The person's horizontal position is given by

$x=v_0\cos40^\circ t$

and the time it takes for him to travel 56.6 m is

$56.6\,\mathrm m=\left(24.0\,\dfrac{\mathrm m}{\mathrm s}\right)\cos40^\circ t\implies t=3.08\,\mathrm s$

so your first computed time is the correct one.

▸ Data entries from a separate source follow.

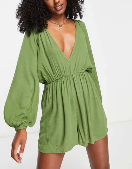 Mono corto playero caqui escotado de tejido rugoso vaporoso de ASOS DESIGN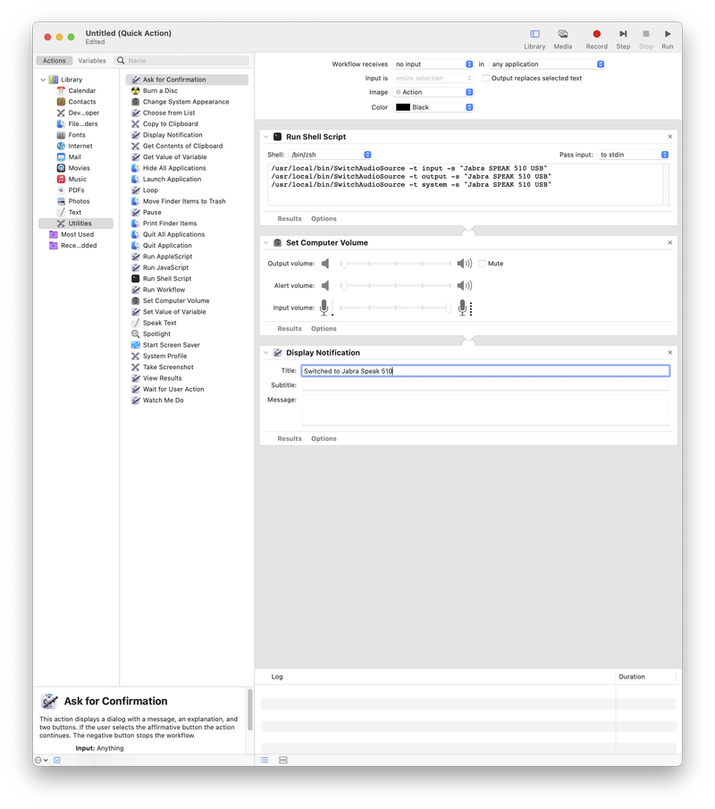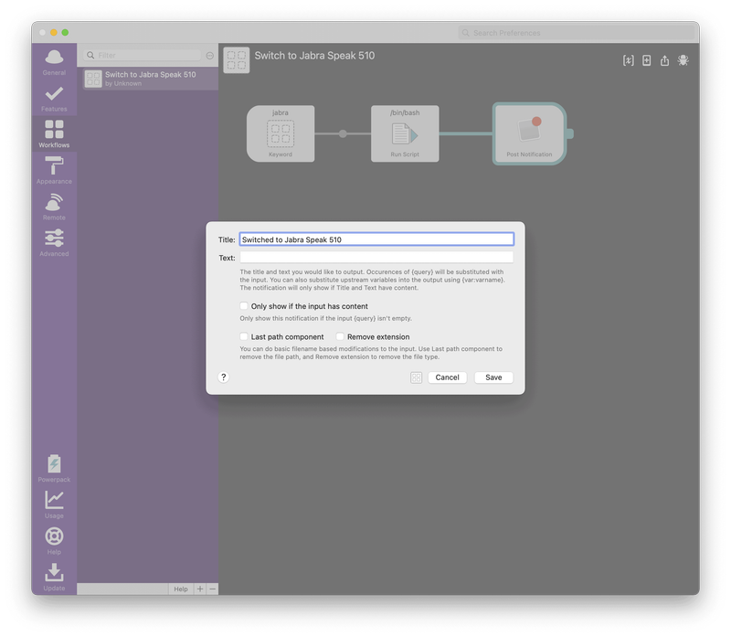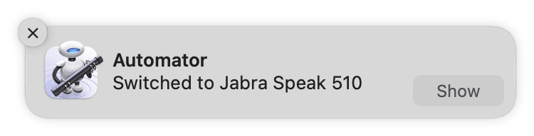 /usr/local/bin/SwitchAudioSource -t system -s "Jabra SPEAK 510 USB"Post Notification をダブルクリックし、通知に表示したい文字列を入力します。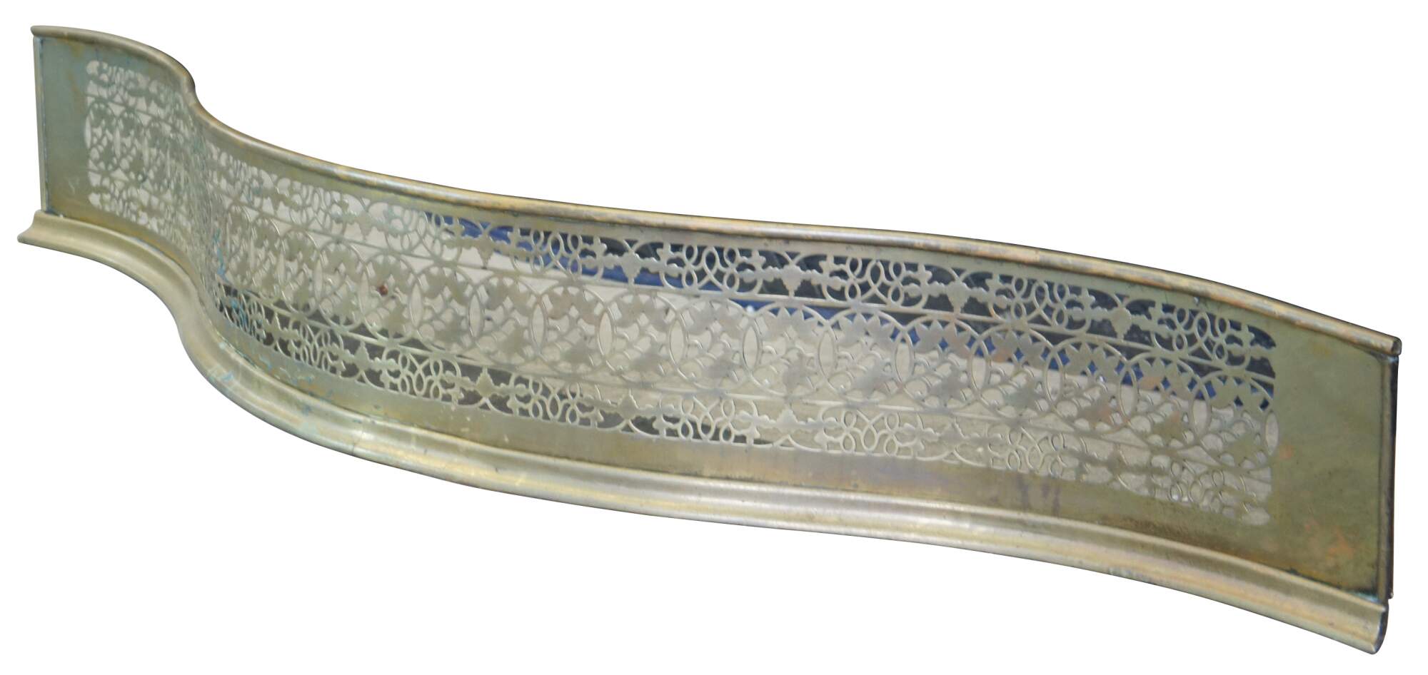 Antique Victorian piereced brass fireplace screen featuring floral motif with serpentine form.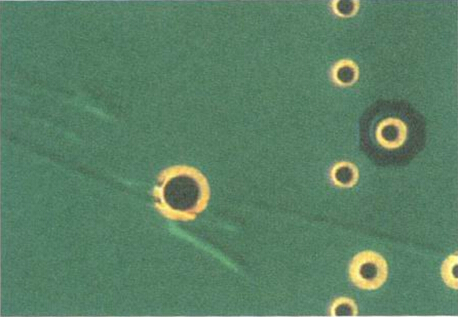 另外,膠片(PP)組合方式和熱壓參數(shù)也非常重要。如果膠片疊合移動或產(chǎn)生流膠不當(dāng),銅皮飄移在融熔樹脂表而必然會產(chǎn)生縐折。要防止這類問題發(fā)生,壓板用的載盤就是作業(yè)重點(diǎn)。目前業(yè)者使用的載盤設(shè)計(jì),多數(shù)都已經(jīng)采用彈性高度調(diào)控的擋滑設(shè)計(jì),這種設(shè)計(jì)可以在壓板過程中完整防止鋼板偏滑,因而導(dǎo)致的縐折就不會發(fā)生。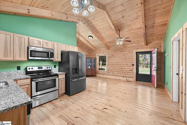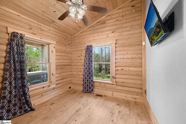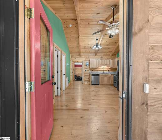 Looking for peace and serenity away from all of the hussle and bussle? Would you like enough room to plant a vegetable garden or have a few chickens and maybe more? Well, you don't have to look any further. Come check out this beautiful log cabin in the woods and away from it all!! Sit on the front porch in the mornings with your coffee or at the end of a long day and let it all unwind with the sounds of nature. This home boasts a huge living room/great room for all of your gatherings or just a huge sectional where you can spread out and relax. Kitchen has real wooden cabinets with soft close on drawers and doors. Kitchen and breakfast area are very spacious and lead to two of the bedrooms for kiddos or guest rooms. The master is on the other side of the house and is very private with it's full bathroom and walk in closet. With 2.01 acres, this home has so many uses and can transform into whatever your heart desires. Don't let this cabin slip through your fingers because it will be gone before you know it. 30 minutes from Greenville, 15-20 minutes to Travelers Rest, 15 minutes to downtown Pickens, and 10 minutes to Pumpkintown. Also 5 minutes to Rolling Green Golf Course.
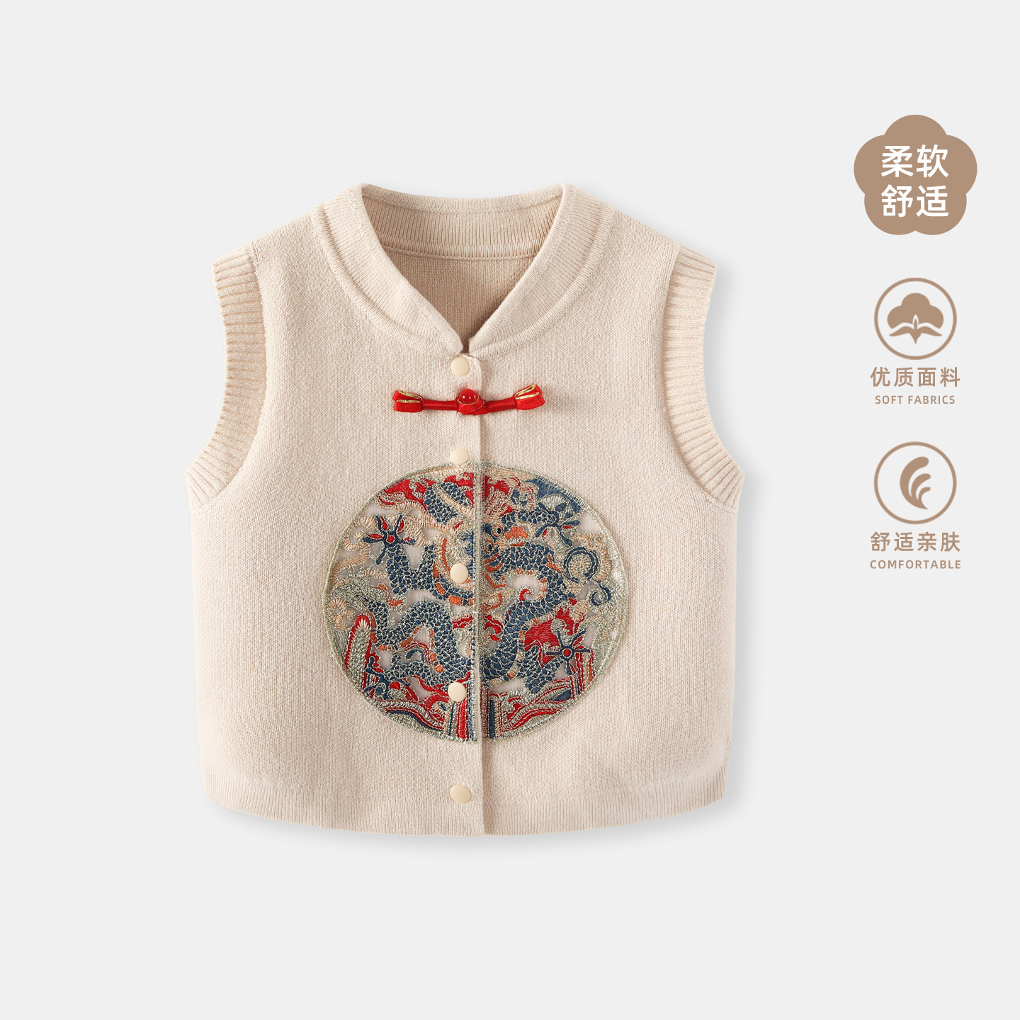波步男宝宝马甲冬季女童春装中国风红色背心马夹男童新年拜年服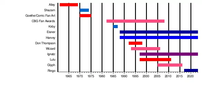 The following is a timeline of notable U.S. comics awards that feature multiple categories. Awards voted on by professionals are in shades of blue; fan awards are in shades of red. (The Ignatz Award is a mixture, as the nominees are selected by professionals, but the winners are determined by the attendees of that year's Small Press Expo.)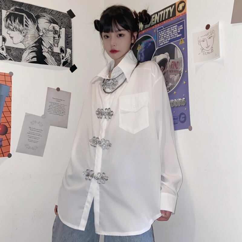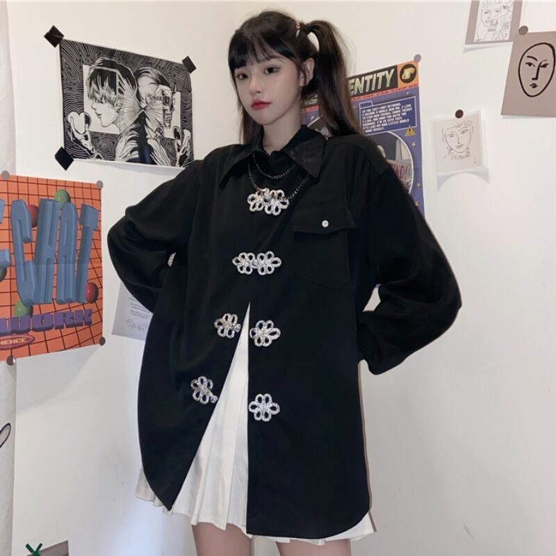 インレトロニッチデザイン長袖シャツルーズワイルドブラックシャツトップトレンドの女性の秋バージョン Brother_is_Style1378711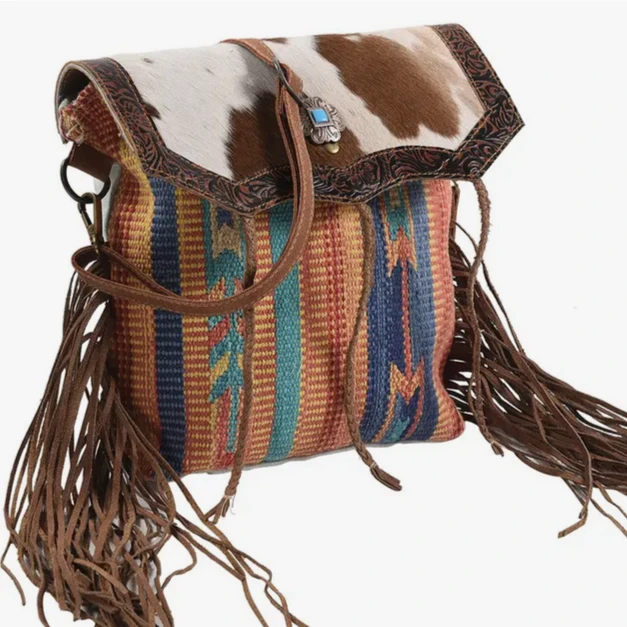 American Darling Fringe Crossbody Cowhide & Upcycled Canvas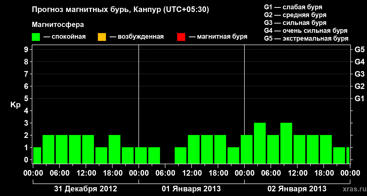 Прогноз магнитных бурь в Канпуре на 31 декабря 2012 года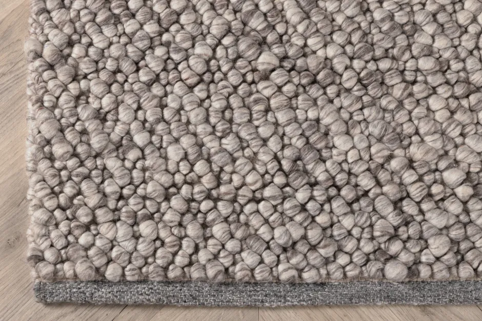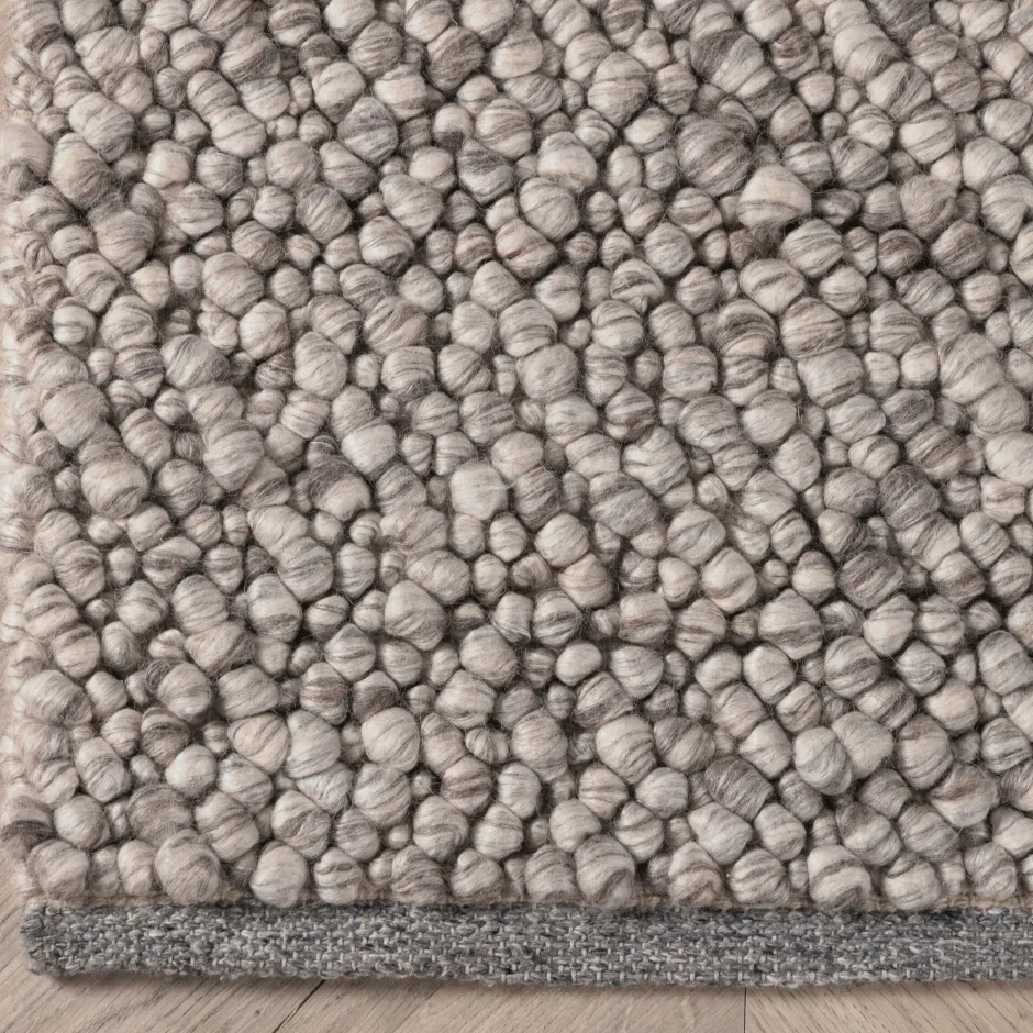 Exclusieve dikke wollen mat uit de serie Ilia in een prachtig kleurveranderend patroon van lichtgrijze tinten. Gemaakt v…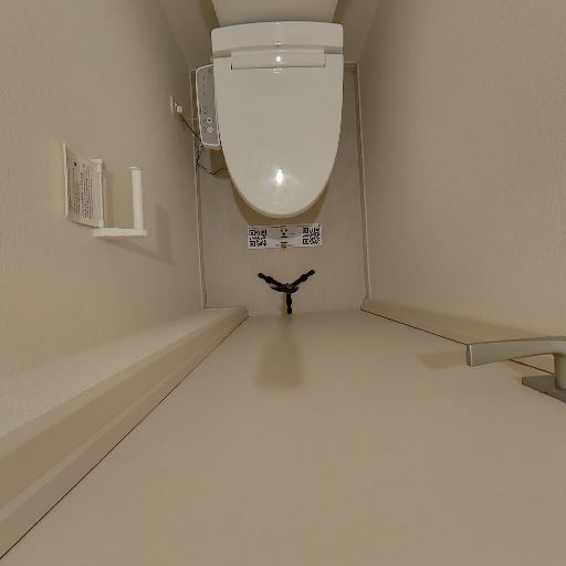 ペーパーホルダー位置(確度62%):ホルダーが右壁面前方と左側壁面後方に2箇所見える。右側はやや前寄りで使いやすそう。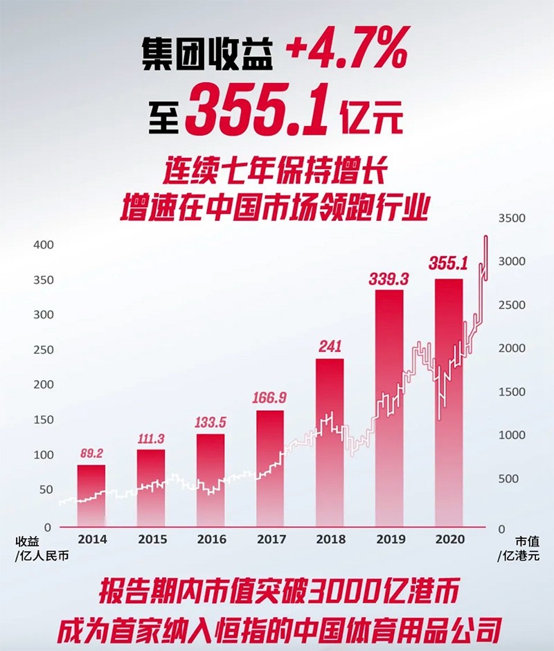 营业收入上对比李宁、特步、361° 等国产运动品牌,也更加巩固了国产体育服饰品牌头把交椅的地位。
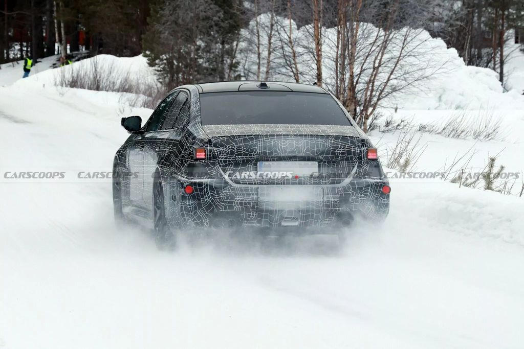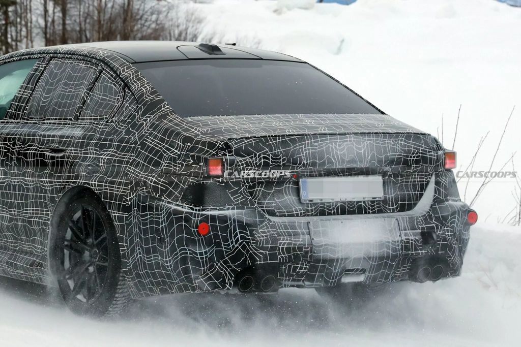 车尾部分,新款 M5 预计将配备全新的后保险杠和尾灯,此外扩散器似乎也略微收敛了一些,但由于伪装较厚,目前还难以确定。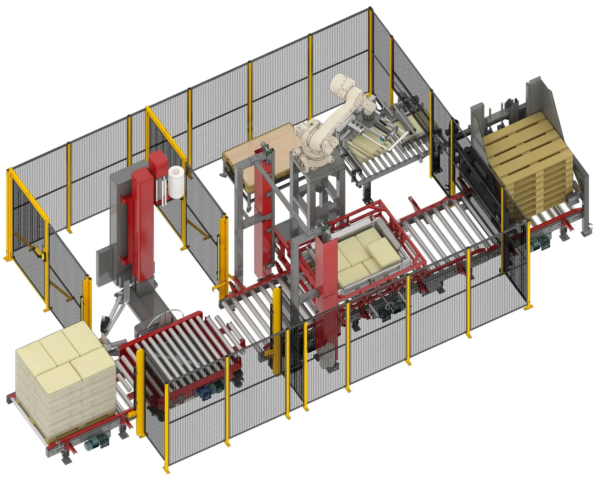 Systemy paletyzacji i owijania współpracują z urządzeniami pakującymi REKEN, tworząc w pełni zautomatyzowany ciąg końcowy.
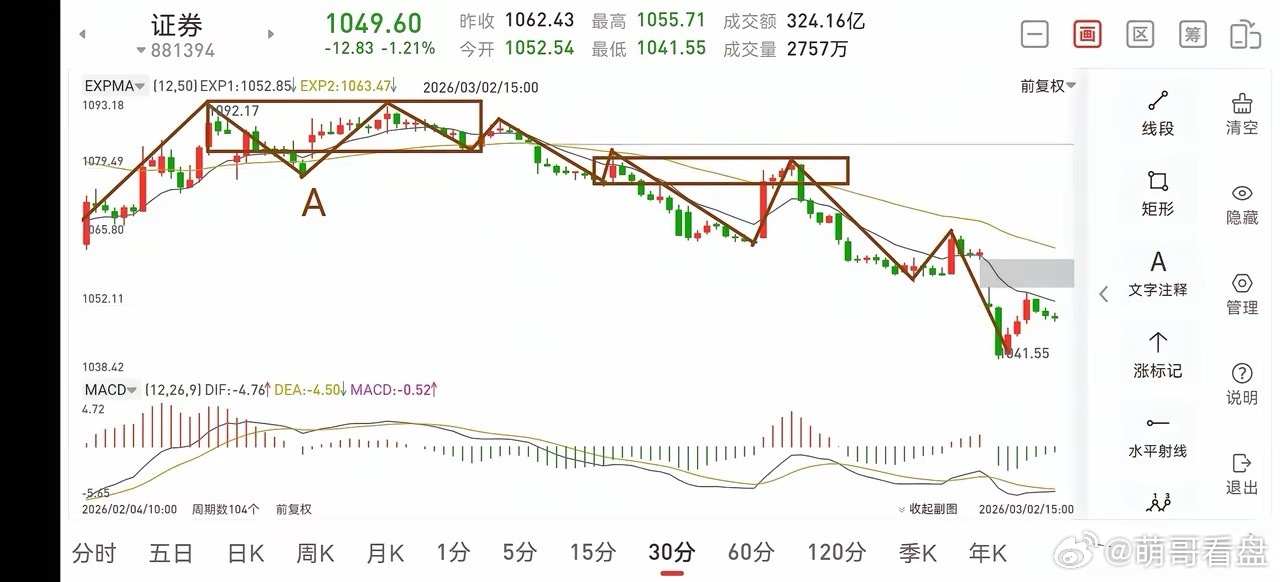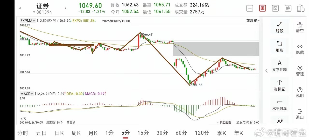 证券板块复盘(2026.3.2)今天下午证券板块走势还算可以,它的回调很弱,这也意味着明天是有短线操作机会的,但日线一笔调整还没有结束,所以明天只看反弹,反弹过后后面还是有可能再破新低的,当然这是后面几天的事了,操作上做好应对就可以了。1.从30分钟图一上看,明天会反弹30分钟一笔,大概率会回补上方缺口,从而构建第三个30分钟中枢,由第三个中枢逐步演化从构建日线三卖的过程,当然这个过程非一日就能完成的,如果你想在此处做高抛低吸,需要按5分钟级别去应对。2.从5分钟图二上看,下午的一笔回踩很弱,那么明天大概率会向上反弹去回补上方缺口,待缺口回补完成后,还会向下回踩30分钟一笔,所以明天你想做差价,开盘即可考虑回补三成仓位,待缺口回补完成后,再把三成仓位退出来,在做差价时,不要去追求极限操作,只要产生差价,就要考虑退出的问题了。因为还在日线一笔的回调中,还是有比较大的可能后面还会再破新低的。总之,日线一笔调整并没有结束,耐心等吧!

The question requires a bit of careful reading, and I think there may be a mistake in the problem. The person's vertical velocity $v_y$ at time $t$ is

$v_y=v_{0y}-gt$

which tells us that he would reach the ground at about $t=3.15\,\mathrm s$ . In this time, he would have traveled

$x=v_{0x}(3.15\,\mathrm s)=57.9\,\mathrm m$

But we're told that he is caught by a net at 56.6 m, which would mean that the net cannot have been placed at the same height from which he was launched. However, it's possible that the moment at which he was launched doesn't refer to the moment the cannon went off, but rather the moment at which the person left the muzzle of the cannon a fraction of a second after the cannon was set off. After this time, the person's initial vertical velocity $v_{0y}$ would have been a bit smaller than $\left(24.0\,\frac{\mathrm m}{\mathrm s}\right)\sin40^\circ$ .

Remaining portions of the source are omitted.